Please post pictures of your goat play structures. We are about to build our new (hopefully) predator proof goat pen and want to eventually build a play structure for them in it. I'd like to see pictures to get some ideas.

Jen


----------



## KW Farms (Jun 21, 2008)

Have you looked at Double Durango Farm's website? They make some incredible goat structures! I think it's www.doubledurangofarm.com


----------



## Dani-1995 (Mar 11, 2011)

KW Farms, those are some awesome structures! Thanks for sharing the link =) 

I have two big rail road ties one propped up at both ends with cinder blocks and the other propped up on that one in the middle and the other end on the ground, so its like a ramp.

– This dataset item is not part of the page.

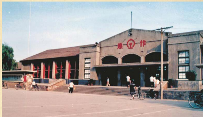
● 公司承建的 焦作老火车站 1966年竣工。

● 1966年8月25日，公司改为 河南省豫北建设公司第四工程处 ；是年，由公司承建的新 电铝厂 建成，是焦作市当时最长的厂房。

I'll try to get a pic of it for you. Its nothing grand but they love it!


----------



## GotmygoatMTJ (Apr 25, 2009)

I  Double Durango Farm's structures!
And their goats


----------



## FunnyRiverFarm (Sep 13, 2008)

Yeah, those are cool! I don't have anything nearly that fancy but the goats are happy. I have some giant wooden spools from the electric co with a long board connecting them so the goats have a "balance beam". I also have a wooden coffee table and one of those plastic toddler play structures with a slide that I got for free during unlimited pick-up in a nearby town.


----------



## Steve (Mar 12, 2011)

Old tractor tires make good play things,the babies like to run around them knocking each other off,they also serve as a cozy place to bed down and feel secure.
That site is saying they use pressure treated wood,i would not use any pressure treated wood unless it was on the ground,goats like to chew on everything and that stuff cant be good for anything.


----------